The League of British Jews was an Anglo-Jewish anti-Zionist organization which opposed the Balfour Declaration giving British support for the establishment of a Jewish homeland in Palestine.

== History ==
The League was founded in November 1917 by a group of prominent British Jews, including Lionel Nathan de Rothschild, Sir Philip Magnus and Louis Montagu, 2nd Baron Swaythling. Its first president was Rothschild, with Montagu and Magnus serving as vice presidents. The League had a small membership, only 18 in 1917, who were "recruited from the highly acculturated upper strata of British Jewry". Despite its small numbers, the League was highly influential. The League favored settlement in Palestine by British Jews who chose to live there, but opposed the belief that Jews constituted a separate nationality, the position then held by Reform Judaism.
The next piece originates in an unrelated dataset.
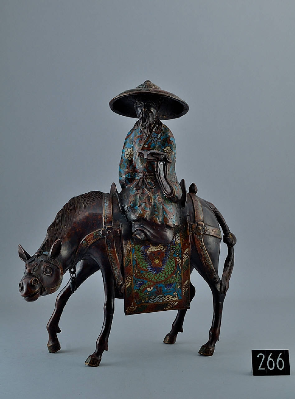 - NOTIZIE STORICO CRITICHE La produzione di uomini a cavallo o a dorso di mulo simili a questa doveva essere grande se ancora oggi si trovano sul mercato in grande quantità. Nella collezione milanese si trovano soprattutto personaggi cinesi, non sempre di facile identificazione, ma a un certo punto divennero popolari le figure di samurai a cavallo da vendere come souvenir per i turisti stranieri.\n\nNelle raffigurazioni cinesi l'immagine di un uomo a cavallo che legge un libro evoca il detto chillu kanchangben (aspetta e vedi cosa succede) ovvero, l'esortazione a lasciare che le cose prendano il loro corso.

At the time it was founded, the objectives of the League were listed as upholding "the status of British Jews holding the Jewish religion", resisting "the allegation that Jews constitute a separate nationality", and facilitating "the settlement in Palestine of such Jews as may desire to make Palestine their home". Membership was available to all at a cost of one shilling per year.

The league held its first general meeting at Wigmore Hall on 14 March 1918. An advert of the meeting published in The Times the day before stated:While supporting the Government’s policy of encouraging the colonization of Palestine by Jews, the league desires to uphold the existing civil and political status of British subjects professing the Jewish religion, and to resist the allegation that Jews constitute a separate political nation. It is, in short, a protest against the so-called “ Jewish International.” The League has received strong support throughout the Anglo-Jewish community, and all the leading names in Anglo-Jewry are represented on its provisional committee.At the meeting, according to reporting by The Times, Rothschild was quoted as saying that "the conquest of Palestine made the territory free for any one to enter irrespective of race and creed. They ought not to have a specific Jewish Government." At the same time, Baron Swaythling rejected the notion of "Jewish people" as a distinct people in the Balfour Declaration, which he said undermined the struggle for equality for Jewish people in European nations such as Russia, Germany, and Austria.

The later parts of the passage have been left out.